From July 2009 to March 2013, Tsvetan Tsvetanov was Deputy Prime Minister and Minister of Interior of the Republic of Bulgaria in the first government of Boyko Borisov. During Tsvetanov's tenure as Minister of the Interior, some of the most notorious organized crime groups that terrorized Bulgarian society over the years were neutralized. The hit-and-run group “The Killers” were caught and sentenced to life in prison  and the kidnapping group “The Impudents” was sentenced to a total of 444 years in prison.
Tsvetanov also successfully developed bilateral police cooperation with Bulgaria's NATO and EU partners throughout this time. In 2013, the US Drug Enforcement Agency – DEA opened an office in Sofia. Personally, the director of the agency, Michelle Lionhart, gives a high assessment of Tsvetanov's work:"Your dedication to your work has undoubtedly contributed to the rule of law and made both the Republic of Bulgaria and the United States a safer place for the citizens of both countries".
For excellent international police cooperation, Tsvetanov was also awarded Spain's highest award in the field of law enforcement – the Silver Cross for Civil Merit of the Civil Guard of Spain. The award was presented to him by Spain's Minister of Interior, Jorge Fernández Díaz, at an official ceremony.
For successful joint law enforcement operations with the Italian Carabinieri, Tsvetanov was awarded the title of Honorary Member of the Carabinieri Association.
Undoubtedly, the most difficult moment for Tsvetanov as a Minister of Interior was the Burgas bombing on July 18, 2012, in which five Israeli and one Bulgarian citizen died. Thanks to the investigation of the Bulgarian law enforcement authorities and the law-enforcement services of Israel, the USA, Canada, Australia, and Europol, the perpetrators of the terrorist act were identified and brought to court. The year after, on the 22nd of July 2013,  Tsvetan Tsvetanov played a decisive role in recognition of the military wing of Hezbollah as a terrorist organization.
Because of his significant role in the investigation of the attack in Burgas and the announcement of Hezbollah as the perpetrator of the attack, on February 18, 2013, 111 United States Congressmen sent a petition of thanks to Tsvetan Tsvetanov. "Your detailed and thorough investigation laid a solid foundation for further action against Hezbollah. In this regard, you can count on our support in the future as you take the next steps in this direction." 
Due to the systematic good work with the European Police Agency Europol, on September 25, 2018, Tsvetanov was elected as a permanent representative in the Management Board of Europol, in the Joint Group for Parliamentary Control of the agency.
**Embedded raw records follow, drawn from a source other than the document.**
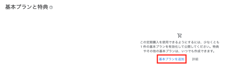 ここからサブスクリプションの詳細設定として、基本プランと特典(こちらはオプション)を作成します。 それではまずは基本プランから。「基本プランを追加」を押してください。
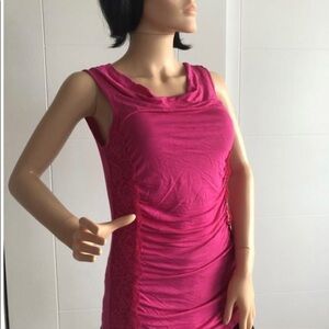Deep Pink shirred top with stretch lace at sides. Pullover sleeveless style has slight scoop neckline with flattering/slimming shirring at both sides. Size Small. Shirt is 100 percent viscose, lace is 93 percent nylon/7 percent spandex
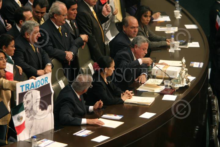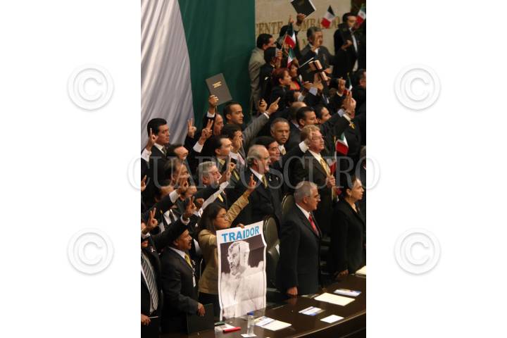 MEXICO, D.F., 01SEPTIEMBRE2006.- Legisladores del PRD cantaron el himno nacional al finalizar la sesiòn por el presidente de la Cámara de Diputados, al no haber condiciones para seguir con la ceremonia en la que supuestamente el presidente Vicente Fox rindiera su informe de gobierno. Los perredistas mostraron mantas alusivas a el presidente que lo califican como un traidor. FOTO: Moisés Pablo/CUARTOSCURO.COM
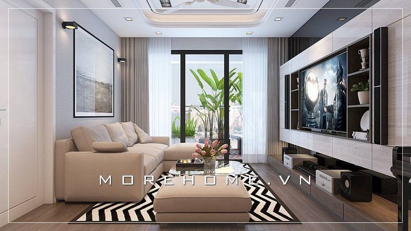 Trang trí nội thất chung cư với gam màu trắng be chủ đạo góp phần tạo nên một không gian hiện đại, tinh tế và cao cấp.
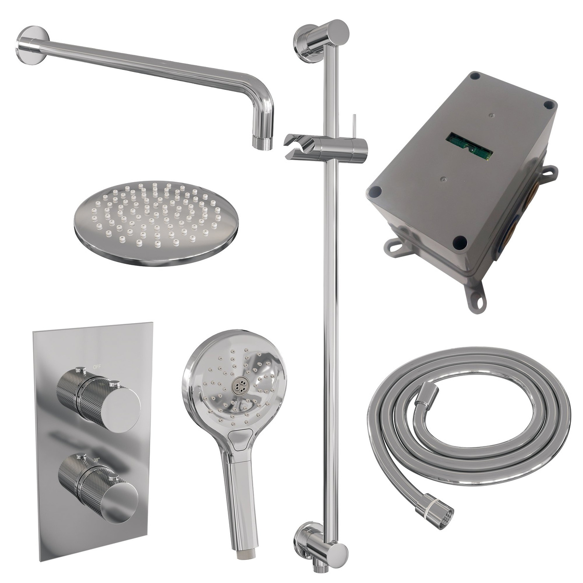 Offerte aanvraag voor Brauer Chrome Carving Regendoucheset inbouw | Chroom | 20 cm | Ja | Gebogen wandarm | Ronde Handdouche
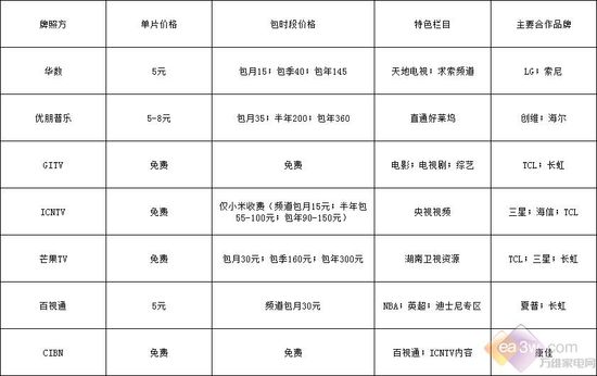 访问卖场过程当中小编发觉,年夜都搭载互联网派司的电视(文章)视频内容可一般播放,同时各品牌在选择派司方时停止协作时也具有差别。彩电品牌会依据产物定位分歧、彩电宣布时光推移等身分来选择七年夜派司方中的一家停止协作,确保电视内容厚实,可供用户停止收看。关于派司方与品牌彩电协作具体小编也做出总结:
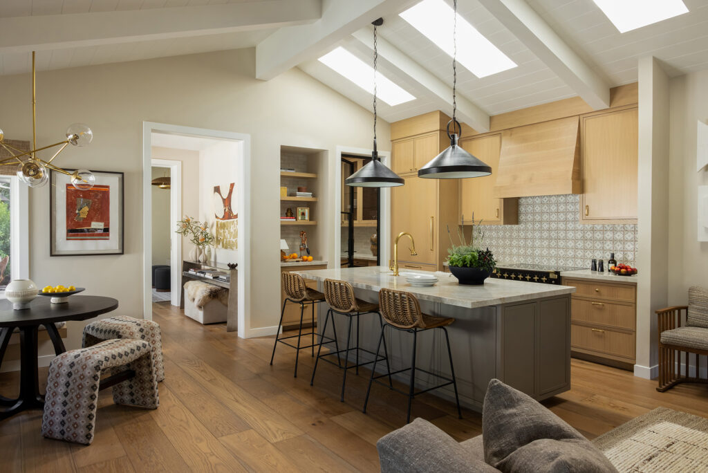 The kitchen, dining, pantry, bar, and family room have an open flow. The pitched ceiling features multiple skylights that lets the daylight stream, and the living area leads to a tree-covered patio. Throughout the home, Victoria and team made smart, functional decisions to make downsizing easier.
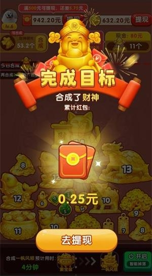 1、红包奖励:合成出最高阶的物品后,玩家可以获得兑换红包的机会,红包金额按照一定比例计算。
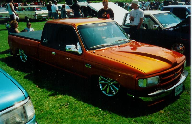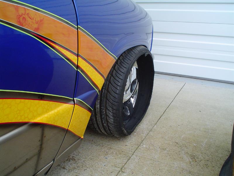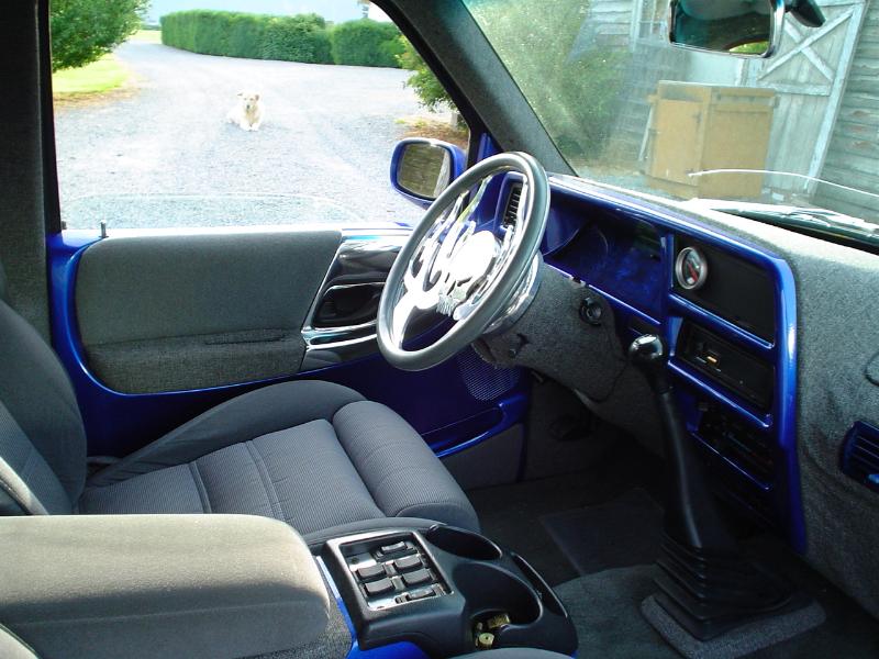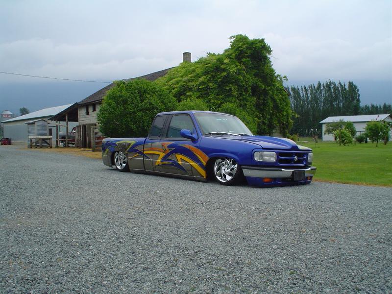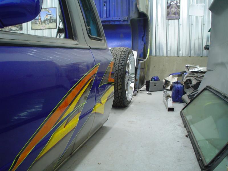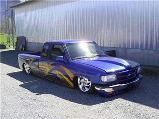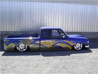 Fully Shaved, LED tails, clear front marker lights, Tubbed firewall and bed. 350Z blue, with lots of graffics(done buy Aaron)
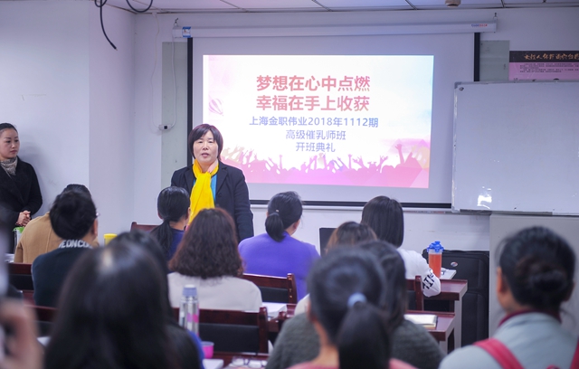 “很多学员是从外地坐火车,千里迢迢来到上海学习的,你们抱着巨大的学习热情。上海金职伟业一定不辜负你们的这份信任,给大家提供优质的培训课程。除了母乳喂养指导师课程,我们还有产后康复师、小儿推拿师等母婴服务技能必备课程。”

Tsvetan Tsvetanov was the Chairman of the Standing Parliamentary Committee on Internal Security and Public Order in the 44th National Assembly 

He was a Member of Parliament in the 41st National Assembly (Parliament), 42nd National Assembly, 43rd National Assembly, and 44th National Assembly.

Scandals and charges

Real estate scandal 
Tsvetanov's image was first tainted in 2011 when media stories appeared of him owning several expensive properties in the capital city. An audit by the Tax Administration revealed he owns 6 apartments, something which no person in the public administration can easily afford. He offered unconvincing explanations of how he acquired six apartments in Sofia after entering politics in 2006, claiming they were bought by his mother-in-law. The tax case was re-opened in June 2013 after new evidence emerged that two of the apartments may have been given to him as a present in exchange for a lucrative government contract.

Wiretapping scandal 
In May 2013 Tsvetanov was indicted on two charges of wiretapping members of the GERB government and parliamentary deputies. In a television interview former agriculture minister Miroslav Naydenov confirmed the charges, describing instances when the wiretapping occurred. Tsvetanov has denied the claims by the general prosecutor, even though three members of the wiretapping unit at the Interior Ministry have independently confirmed them. A further charge on obstruction of justice was added in July 2013.

Charges of embezzlement 
Tsvetanov was charged with embezzling BGN 50000 from the Budget of the Ministry of Interior. "The sum was allegedly embezzled to the benefit of another person, Orlin Todorov, former head of the anti-mafia unit in Veliko Tarnovo." He was jailed for four years.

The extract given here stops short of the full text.